Listing 4-14. CatchAll.exe: Catching All Exceptions

using namespace System;

ref class MyDerivedException : public ApplicationException

{

public:

MyDerivedException( String ^err );

};

MyDerivedException::MyDerivedException(String ^err) : ApplicationException(err)

{

}

ref class MyException // Not derived from Exception class

{

};

void main()

{

for (int i = 0; i < 4; i++)

{

Console::WriteLine("Start Loop"); try

{

if (i == 1)

throw gcnew ApplicationException("\tBase Exception"); else if (i == 2)

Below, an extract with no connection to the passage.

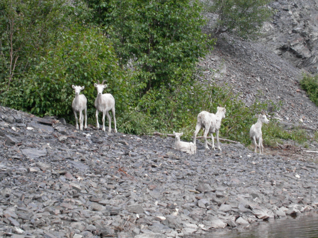 Dieses Dall-Schaf mit Jungtier lief etwa 10 Minuten am Fluss entlang. Sie suchten eine geeignete Stelle zur Querung, das Jungtier schön im Strömungsschatten des Muttertieres. Da ich wusste, dass diese Tiere normalerweise in größeren Herden leben, folgte ich ihnen.

throw gcnew MyDerivedException("\tMy Derived Exception"); else if (i == 3)

throw gcnew MyException();

Console::WriteLine("\tNo Exception");

}

catch (ApplicationException ^e)

{

Console::WriteLine(e->Message);

}

catch (...)

{

Console::WriteLine("\tMy Exception");

}

Console::WriteLine("End Loop");

}

}

Figure 4-8 shows the results of this little program.

Figure 4-8. Results of CatchAll.exe

Executing Code Regardless of an Exception

There are times when code needs to be run at the completion of a try block, whether the try block completed cleanly or threw an exception. For example, you may want to close a file stream or database that has been open in the try block. Up until now, if you threw an exception, there was no way to ensure that such code would always run unless you put the close statement at the end of each of the try and catch blocks.